Friday, August 22, 2014

My Confession: Leverage and Trading is hazardous for health

In August of 2013, I started trading with CFDs with real money. Before that, I was only practicing with a demo account and I was doing quite well with my different strategies. Needless to say, virtual money and real money are quite different because of the reality of it.

Since I went live with real money, CFD trading has been a mixed bag for me. The very first month, I was up about 140% of my capital. When you read those advertisements in the shady column of newspaper or online ads, they aren't really lying. It is really possible to accomplish such feats, but only with leverage. Leverage though, is a very dangerous beast. While it obviously magnifies gains and losses, they don't tell you that when you increase your leverage amount, your risk-reward ratio actually drops.

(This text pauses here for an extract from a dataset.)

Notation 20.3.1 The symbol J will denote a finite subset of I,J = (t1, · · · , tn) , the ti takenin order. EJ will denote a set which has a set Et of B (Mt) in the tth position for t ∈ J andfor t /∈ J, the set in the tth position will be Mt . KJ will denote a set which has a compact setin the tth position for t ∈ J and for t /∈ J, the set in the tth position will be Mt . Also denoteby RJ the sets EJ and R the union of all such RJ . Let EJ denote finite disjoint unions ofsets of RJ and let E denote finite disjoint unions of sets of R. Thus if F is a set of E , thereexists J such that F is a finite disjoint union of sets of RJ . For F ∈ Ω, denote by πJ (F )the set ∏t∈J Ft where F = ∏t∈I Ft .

Anyway, given my giant ego back then, I thought I was a market wizard. What did I do? Naturally, increase my capital. When you count gains in raw percentage, you can get a bit greedy. What is better than a 140% gain on $100 capital? A 140% gain on $1 bazillion dollars of course! I didn't have a bazillion dollars, but I did increase my capital, and boy did it vanish quickly.

It is very addictive, really. My friends ask me why I don't like to play casual card games for a bit of money or why I don't hit the casino. The truth? It's not that I don't like gambling. I just like gambling in the financial markets a lot more. I can do it at home, in front of my computer, in underpants, listening to music, watching TV and having a snack. Any time of the day. Well, as long as the markets are open.

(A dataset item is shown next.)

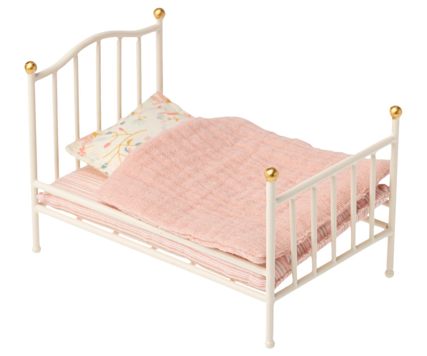 Cama Vintage Mini Off White Preciosa Camita Metálica de estilo Vintage en color Blanco roto ideal para Conejitos talla My y Ratoncitos de talla Babys y Hermanos pequeños. Incluye Colchón, Almohada y Edredón perfectamente combinado en diseño y colores. Medidas: 12,5cm Largo x 8cm Ancho x 8cm Alto

After feeling all those "max pain" moments, I think I did become a better trader though. When I started trading, I would watch the 5 and 15 minute charts and sometimes drop to the 1 minute chart. I stayed up late all night watching the markets. If I was underwater, I wouldn't be able to sleep. If I was above water, I'd be so anxious to defend my unrealized profits. It was really quite horrible. On top of all of that? I was losing money. I kept changing strategies and I was trading too often.

These days, I trade just a few instruments. I hold my position for a couple of days, sometimes weeks. I don't feel so anxious or jittery anymore, even when I am underwater. I am a lot less emotionally affected and I don't think about my open trades every minute of the day.

One of the best things for me was to join and sit in a trading room. I didn't pay for any trading course by any special guru or anything like that. This was just a free chat room that traders just sat around, shared charts and talked about market news and opinions. A very nice older, experienced trader helmed the room and he really gave very good and sagely advise. I probably spent a few months sitting in that room every trading day, hearing stories from all sorts of different people. From professional traders with hundreds of twitter followers, to stay-at-home mom's trading out of boredom and to earn some pocketmoney. It was a really diverse group of people. However, it was in that room that I realized a lot of things about trading, and patience being the most important factor of all.

Slowly but surely I improved. I started to block out all the "noise" that you can hear from news channels, websites and blogs, and just started trading with a fairly simple but logical strategy. At the lowest point of my trading career, I went from 100% of my capital to a mere 18% of my capital. I had lost 82% of my capital! For me to get back to 100%, I would have to gain 455% from where I was!

Well, that was a few months back for me. I have since bounced back and steadily pushed up from 18% to hit back to a high of 68%, before slowly sliding. I'm back down to 36%, but hey, if you think about it, I made a 100% gain from my lowest point!

My ultimate goal isn't to be a professional trader. For me now, I would just like to slowly but surely "breakeven". I know what is sunk costs, however but I refuse to accept defeat. I just want to breakeven, so that I can say to myself, "Yes, you paid your tuition fees, but the knowledge that you gained from that tuition have already paid for themselves".

People should know that trading and investing are 2 completely different things. It requires massively more skill and emotional tenacity to succeed as a trader. People get confused that investing is just like trading. Or they get confused that investing IS trading. It really isn't.

My final thought on trading and using leverage: Limit your total exposure. My maximum exposure was only 10% of my assets at the point of my highest greed and addiction. Since then, I have accumulated more assets, so that percentage figure is down. I aim to comfortably keep it below 5% of all my assets. Basically, this 5% of my assets is my casino gambling money. There is upside, but a capped downside. Any silly or crazy trades that I decide to act on in my trading account prevents me from messing around with the other 95% of my assets. I really run that 95% bulk of my assets with a medium-long term perspective about at least 3-5 years to infinity. Basically, only gamble what you can afford to lose. If you are losing sleep at night, that means you are overleveraged and should cut down on the amount of money in your trading account.

I hope any prospective traders might learn a few things from my experience. All the best trading!